Meet The Old Boss, Same As The New Boss, Same As The Last Boss…

Minneapolis School superintendant Bernardeia Johnson resigned her office yesterday

Johnson was also recently thrust into a dicey position by incendiary news stories and a legislative probe into a questionable $405,000 no-bid contract awarded to Community Standards Initiative (CSI), a politically connected group run by community activists Al Flowers and Clarence Hightower. For months, groups in the African-American community exerted enormous pressure on Johnson to take a side and say whether two Minneapolis DFLers — state Sens. Bobby Joe Champion and Jeff Hayden — strong-armed her into going forward with the CSI contract. Some of the pressure came in the form of a viral social media campaign using the hashtag #JimCrowJr.

An affidavit submitted to lawmakers in her name suggested she strove to protect the district from an untenable situation. A state Senate committee hearing into the matter proved to be more partisan theater than a quest for facts that might have supplied some much-needed context.

By all accounts I’ve read and heard, she was a perfectly capable school administrator. 

Of course, by all accounts, all of the superintendents have been capable administrators, as far as we know – and yet Minneapolis’ school district is a mess (outside some of the elite challenge programs), and the mess has largely resisted any number of bureaucratic initiatives to change the situation.

And Johnson had her share of those:

Perhaps the most symbolic of the problems that dogged her tenure was the teaching corps’ failure to consistently and enthusiastically dive into a program central to her vision, Focused Instruction.

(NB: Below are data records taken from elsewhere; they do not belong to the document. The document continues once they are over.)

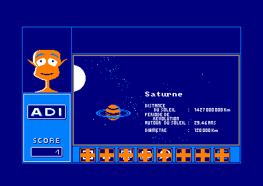 Ce sont les logiciels ADI qui ont retenu ici notre attention grâce il leur gamme complète offrant de réviser quotidiennement les programmes de mathématiques et de français de l'enseignement primaire. L'enfant pourra travailler mais aussi se divertir avec la complicité d'ADI le petit extra-terrestre. Les exercices et l'évolution des connaissances de l'élève pourront être sauvegardes avec le logiciel qui lui proposera de très nombreux problèmes évolutifs. Attention, les logiciels ADI ne fonctionnent que sur les CPC 6128 et 6128+, donc des ordinateurs pourvus de 128 Ko de mémoire vive. NON A LA PROTECTION Il est un point que nous aimerions voir évoluer dans la gamme ADI, il s'agit de la protection logicielle de ces produits qui nous semble bien lourde et superflue. Pour enfin arriver dans le vif du sujet, l'enfant doit être passé par deux systèmes de protections faisant référence à deux grilles de pavés colorés différentes. Fastidieux. Si l'enfant ne perd pas tout simplement ces grilles de protections, le risque est grand de les confondre entre elles lorsque l'on possède deux ou trois produits de la gamme. Robby , A100% n°41 |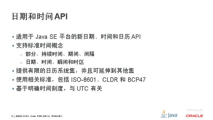 适用于 Java SE 平台的新日期、时间和日历 API 支持标准时间概念 部分、持续时间、期间、间隔 日期、时间、瞬间和时区 提供有限的日历系统集,并且可延伸到其他集 使用相关标准,包括 ISO-8601、CLDR 和 BCP47 基于明确时间刻度,与 UTC 有关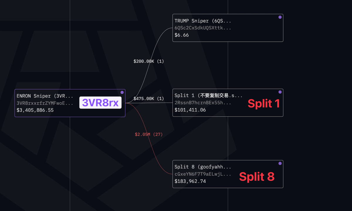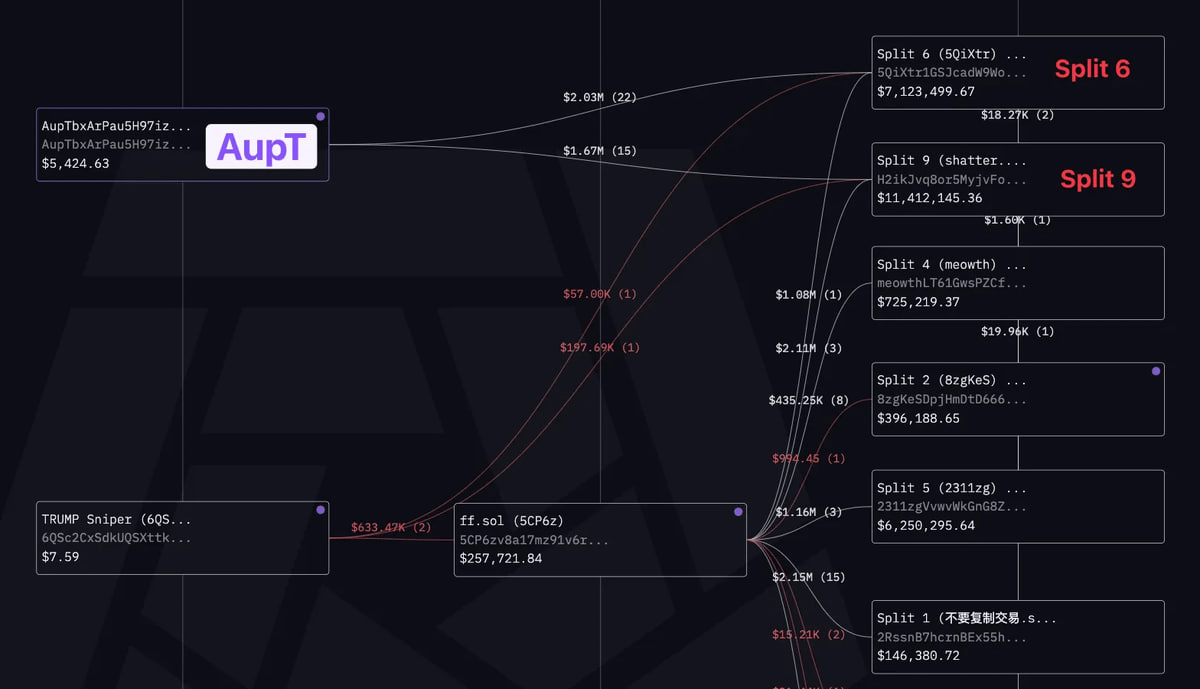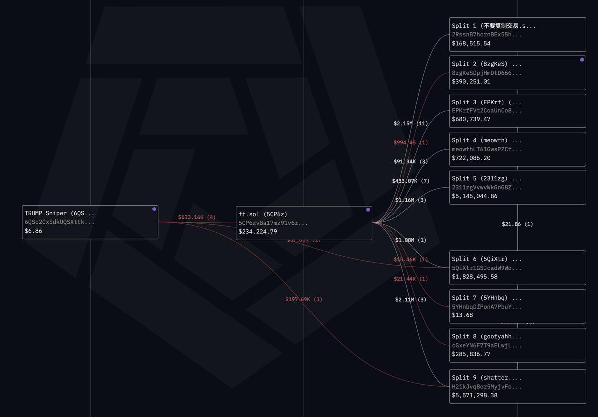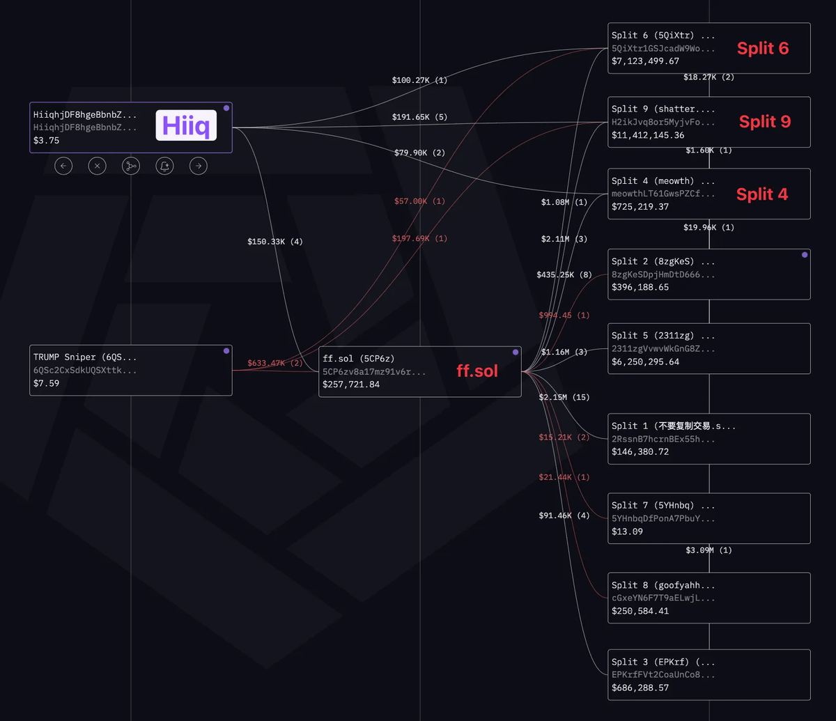 3/ After sniping $TRUMP, the tokens moved from 6QSc2 to FF.sol, which then split them across nine key addresses—Split 1 to Split 9

Johnson struggled to articulate the merits of the approach, and it’s believed that half or more of the district’s teachers simply ignored the initiative.

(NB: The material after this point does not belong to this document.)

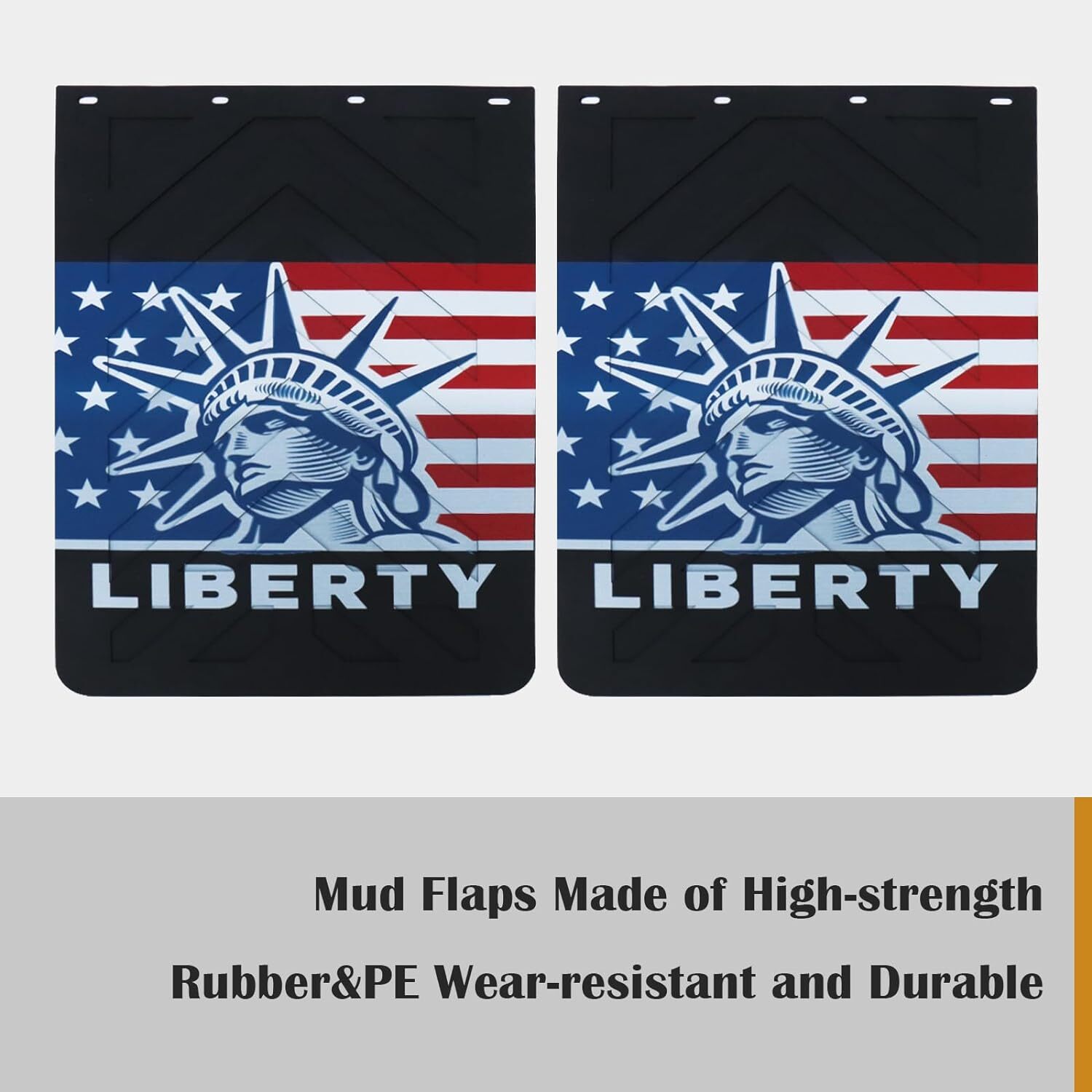 Size: Length * Width:24" x 30"; Made from 1/5 inch thick heavy-duty polymer for durability in severe road conditions. Design: The fenders are crafted to swiftly channel rainwater and debris, preventing accumulation and splashing, while featuring a custom pattern for a unique and personalized touch to your truck. Durability: Made from a robust combination of high-quality plastic and rubber, our mud flaps resist breaking, deformation, and curling. Unaffected by extreme temperatures, ensuring they won't easily deform in either scorching heat or freezing cold. Compatibility: Universal fit for various semi-truck models, including Freightliner, Kenworth, Peterbilt, International, Mack, and etc. Friendly Reminder: Avoid using a high-pressure water gun to clean the fenders with patterns, as this may cause them to detach.RILONH Warranty and Customer Support: Enjoy peace of mind with our one-year warranty.

Focused Instruction is a form of data-driven teaching that is, on one level, something that works in some districts and, on another, is one of those buzzwords that translates into “one size fits all approach to teaching tens of thousands of individual kids”.  There’s more to it than that, of course – it’s not the dumbest teaching fad to hit the market.

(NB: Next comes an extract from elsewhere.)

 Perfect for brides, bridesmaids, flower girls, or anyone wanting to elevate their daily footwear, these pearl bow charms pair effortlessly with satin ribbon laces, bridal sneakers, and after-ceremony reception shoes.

But just as politics is the worst possible way to allocate resources or solve problems, it’s also the worst possible way to education individual children.  School districts are fundamentally political institutions, not educational ones.  Any solution they proffer will first and foremost be, necessarily, a political one, designed to be the most attractive common denominator for the student body as an aggregate (and their teachers, administrators, district stakeholders, etc etc etc).  Nowhere in that aggregation is the idea that kids are unique individuals who aren’t interchangeable cogs on an intellectual assembly line. 

So the next Minneapolis superintendent may be, like Bernardeia Johnson, a good person, a well-respected administrator, and a capable bureaucrat.  Or they might be a complete schnook.  And it probably won’t matter much, because in the end they’re all selling one-size-fits-all education that is designed to serve everyone, and therefore serves nobody.

3 thoughts on “Meet The Old Boss, Same As The New Boss, Same As The Last Boss…

  1. I heard about this driving in, and it struck me that closing the minority achievement gap in Minneapolis is going to be tough. You have large minority populations, generally poor and often with unwed parents, and then a significant affluent caucasian population with married parents. All of the societal indicators are working against you in a special way there.

  2. Go to school, pay attention in class, do your homework, get good grades . . . that’s Acting White, which makes you an Oreo or an Uncle Tom, according to popular Black culture.

    I don’t see how any superintendent can change that.

  3. Most people would be very surprised at what education professionals are taught in grad school.